La carence affective ressort, à vif, sans contrefaçon. Une plaie béante découverte après que la rupture ait arraché le pansement qu’on avait méticuleusement tenter de coller dessus. On souffre, on en veut à l’autre, on s’en veut. L’idée de ne plus recevoir son attention, de perdre son attachement, de savoir que notre valeur à ses yeux, déjà volatile, est maintenant inexistante, et que notre amour va vivre d’autres aventures. Tout cela nous déchire le coeur ; quand bien même on le savait depuis le départ, car oui, toutes les histoires ont une fin.
Pourtant on sent bien que c’est faux, au moins une partie de nous, que ce n’est pas tant l’être qu’on croyait aimer qui nous manque ; comme bien souvent, tout ça n’était qu’une histoire que nous nous sommes raconté, universelle, qui aurait pu être vécue à l’identique par d’autres protagonistes. Alors quelle histoire ? Pourquoi ?
Avais-je besoin de me brûler les ailes, de me consumer, finir sur la croix, sentir mon sang perler le long du corps et animer les frissons de mes péchés. Est-ce que mon destin est ainsi scellé ? N’y a t’il donc aucun échappatoire ? Sommes-nous condamnés à répéter les mêmes schémas, inlassablement, sans conscience ?
Le plus exaspérant, reste de savoir que tout cela est faux, et pourtant d’en souffrir quand même. De souffrir pour les mauvaises raisons, raisons de l’esprit fantasque, que nous avons montées de toute pièce.
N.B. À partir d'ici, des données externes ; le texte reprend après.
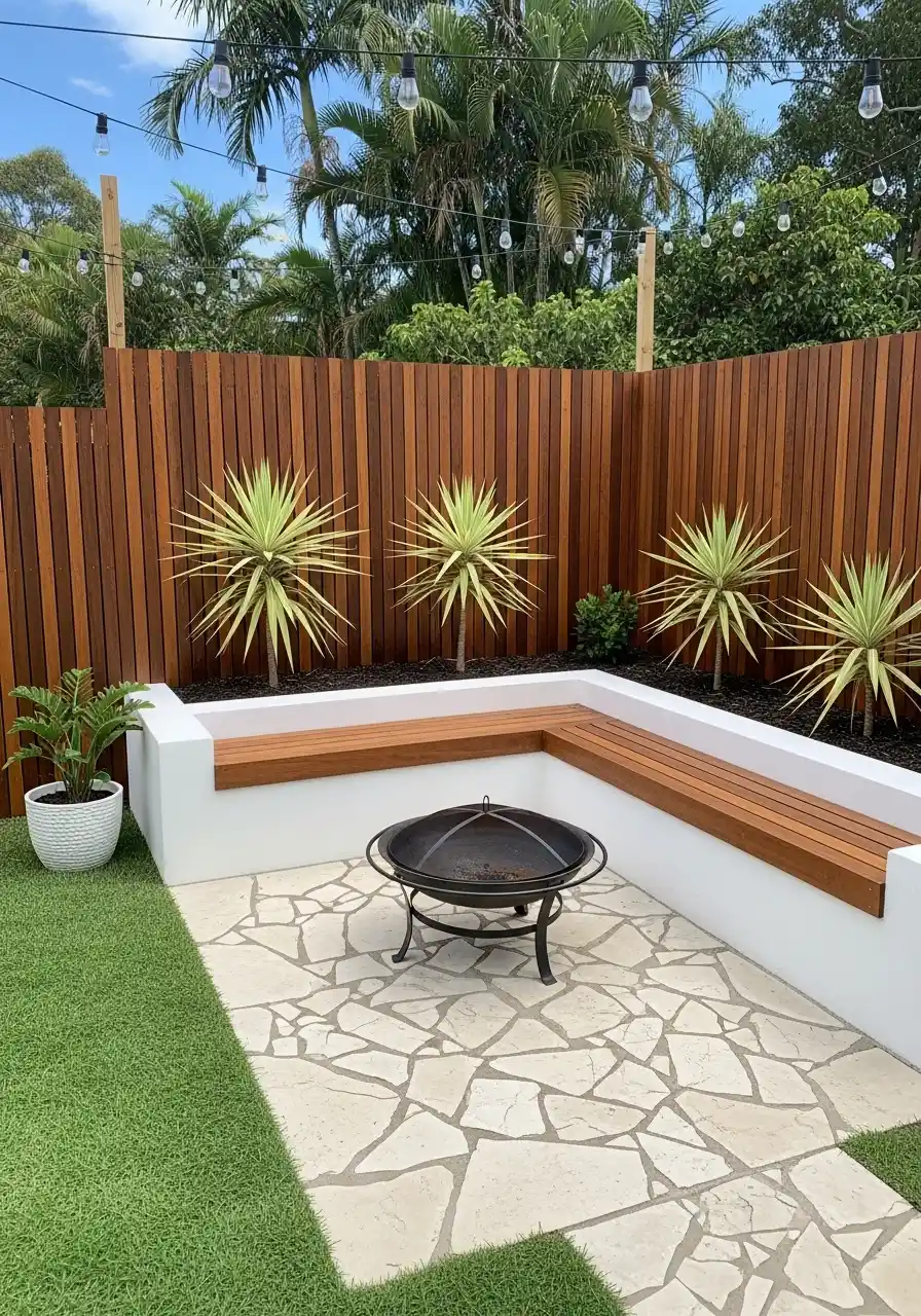 If you want this idea, place the bench tight into the corner so you don’t waste the middle of the yard. Then keep the fire bowl low and centered. You also need a clean fence backdrop. Vertical wood slats look great here because they add texture without clutter. Add a few matching plants behind the bench so the fence doesn’t look bare.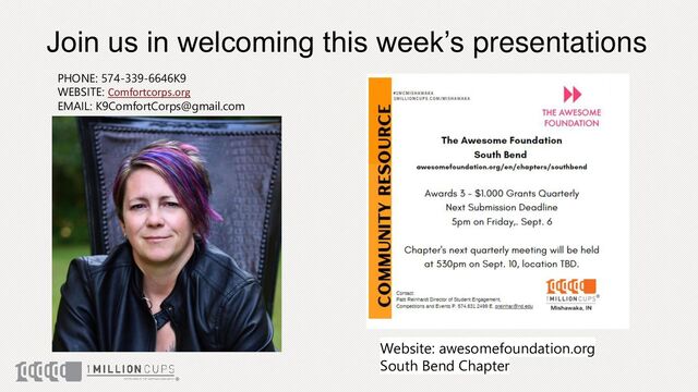 Comfortcorps.org EMAIL: [email protected] Website: awesomefoundation.org South Bend Chapter

L’ère du mensonge : on le savait, on le sait, mais atteindre le rêve et s’y lover était tellement plus délicieux, qu’on a fini par se prendre à notre propre jeu.

Tout cela me fait écho, quoique je me sente un peu plus détaché, plus apaisé. Qui sait. Comprendre n’est pas maitriser. Je pense seulement avoir fait ce qui était nécessaire. Nous avons vécus, ensemble, ce qui devait être vécu. Il n’y a dès lors rien de plus que nous puissions faire maintenant, sinon poursuivre un rêve qui nous abime. Chose dont je ne veux plus. Je ne puis que reprendre la mer et m’effacer au large, dans un horizon incertain. Ainsi, mon songe marocain s’évapore ; j’espère ne pas la laisser me hanter.